GDRIVE_BACKUP = "/content/drive/MyDrive/chess_checkpoints"

print("Configuration:")
print(f"  {ITERATIONS} iterations × {GAMES_PER_ITER} games")
print(f"  {SIMULATIONS} MCTS simulations/move")
print(f"  Checkpoints: {CHECKPOINT_DIR}")
print(f"  Drive backup: {GDRIVE_BACKUP}")

## 6. Launch Training

**Enable background execution:** Runtime → Background execution

In [None]:
# Start training (will run for hours)
!python train.py \
  --iterations {ITERATIONS} \
  --games-per-iter {GAMES_PER_ITER} \
  --simulations {SIMULATIONS} \
  --arena-games {ARENA_GAMES} \
  --batch-size {BATCH_SIZE} \
  --epochs {EPOCHS} \
  --lr {LEARNING_RATE} \
  --checkpoint-dir {CHECKPOINT_DIR} \
  --gdrive-backup-dir {GDRIVE_BACKUP}

## 7. Monitor Progress

Run this cell periodically to check training status

In [None]:
import os
import glob

# Count completed iterations
checkpoints = glob.glob(f"{CHECKPOINT_DIR}/iteration_*.pt")
pkl_checkpoints = glob.glob(f"{CHECKPOINT_DIR}/iteration_*.pkl")

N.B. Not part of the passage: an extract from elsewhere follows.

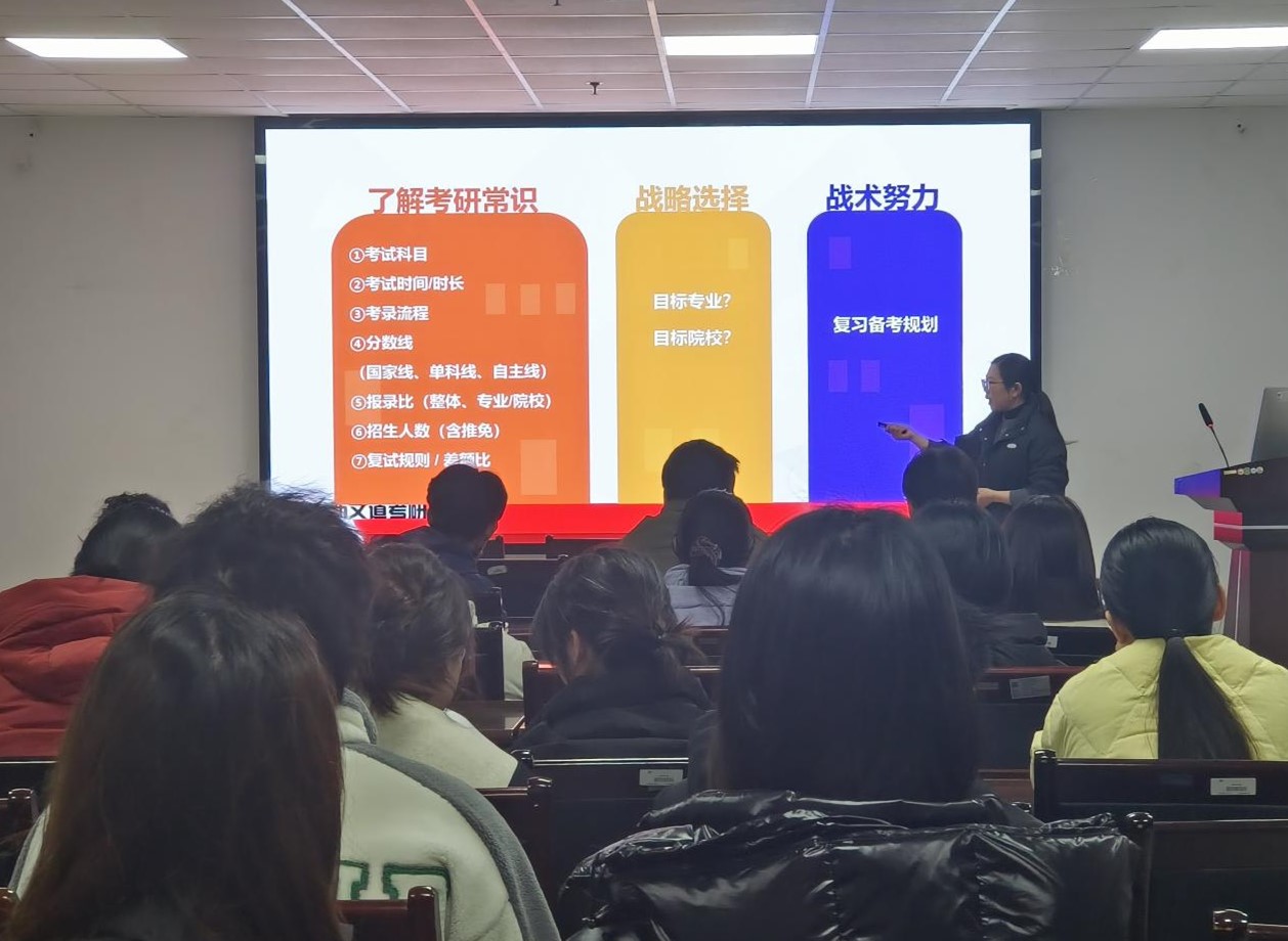(通讯员 刘青沂)为不断加强学风建设,营造积极向上的学习氛围,2025年2月20日晚6:30,tyc234cc 太阳成集团在文科大楼605举办“22级考研系列讲座第三期”。本次分享会特邀资深考研英语辅导专家汪芬老师作为主讲嘉宾,对即将参加考研的同学们进行了一场干货满满的备考指导。
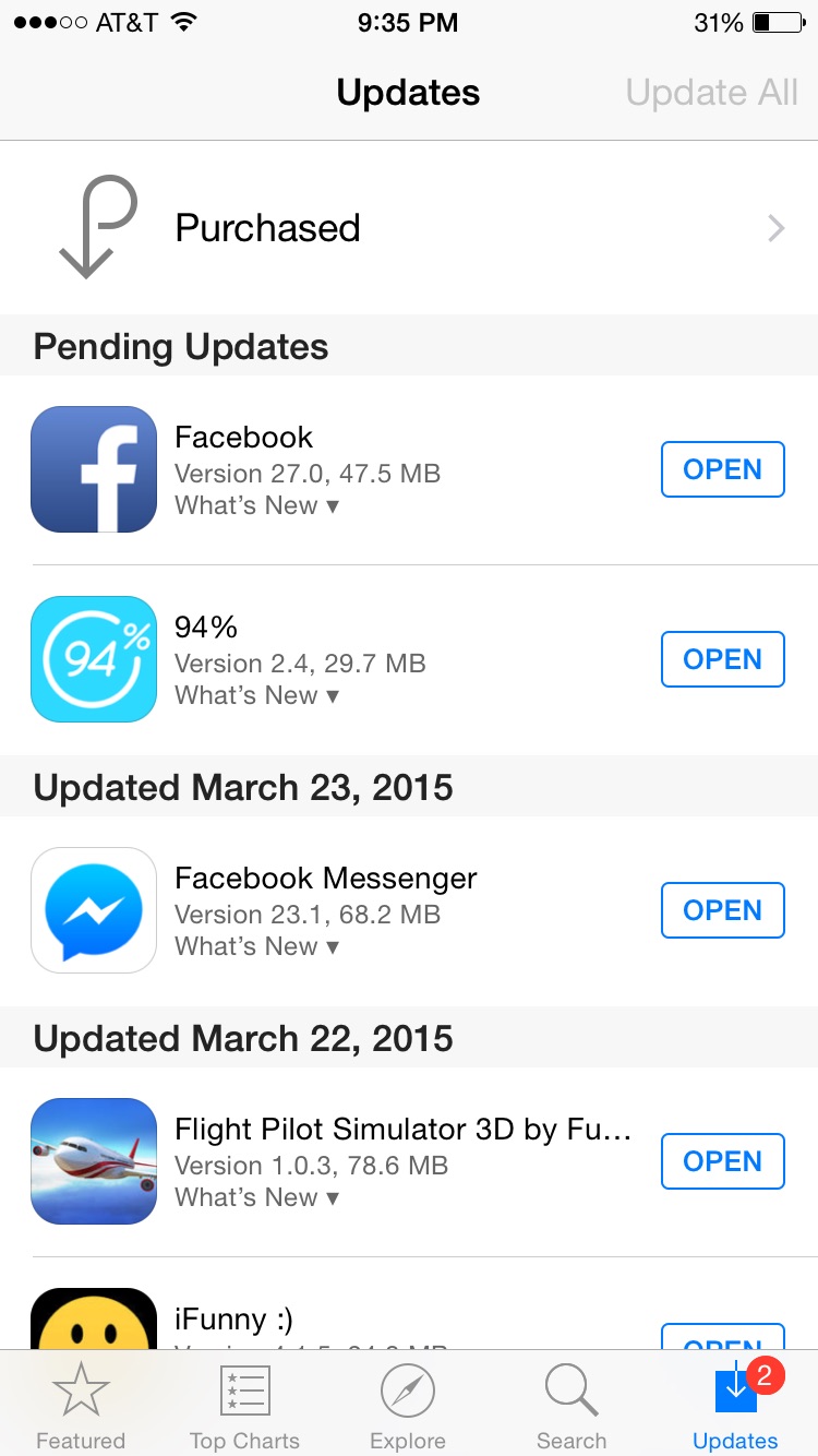 i recently got the little "2" above my App Store icon, and I went in and it said 2 apps could update. I hit "update all", and when I went back on my phone awhile later (hours later), the "2" was still above my App Store icon, so I went into App Store to check the updates, and the apps that i had updated earlier said "open" next to them, as it normally does after an app update is complete But the notification won't go away! I still have a "2" above the App Store icon!

print(f"Progress: {len(checkpoints)}/{ITERATIONS} iterations")
print(f"Tournament files (.pkl): {len(pkl_checkpoints)}")

# Show latest checkpoint
if checkpoints:
    latest = sorted(checkpoints)[-1]
    print(f"\nLatest: {os.path.basename(latest)}")

# View recent log entries
print(f"\n--- Recent log ---")
!tail -15 {CHECKPOINT_DIR}/training.log 2>/dev/null || echo "Log not yet created"

# GPU status
print(f"\n--- GPU utilization ---")
!nvidia-smi --query-gpu=utilization.gpu,memory.used --format=csv,noheader

## 8. Resume Training (if interrupted)

In [None]:
# Find latest checkpoint
checkpoints = sorted(glob.glob(f"{CHECKPOINT_DIR}/iteration_*.pt"))
if checkpoints:
    latest = checkpoints[-1]
    remaining = ITERATIONS - int(latest.split('_')[-1].split('.')[0])
    
    print(f"Resuming from: {os.path.basename(latest)}")
    print(f"Remaining iterations: {remaining}")
    
    # Resume training
    !python train.py \
      --resume {latest} \
      --iterations {remaining} \
      --games-per-iter {GAMES_PER_ITER} \
      --simulations {SIMULATIONS} \
      --arena-games {ARENA_GAMES} \
      --batch-size {BATCH_SIZE} \
      --epochs {EPOCHS} \
      --checkpoint-dir {CHECKPOINT_DIR} \
      --gdrive-backup-dir {GDRIVE_BACKUP}
else:
    print("No checkpoint found to resume from")

## Troubleshooting

**Out of memory:** Reduce `BATCH_SIZE = 128` or `GAMES_PER_ITER = 25`

**Too slow:** Reduce `SIMULATIONS = 15` or `ARENA_GAMES = 10`

**Download checkpoints:** Already in Google Drive at `/MyDrive/chess_checkpoints/{timestamp}/`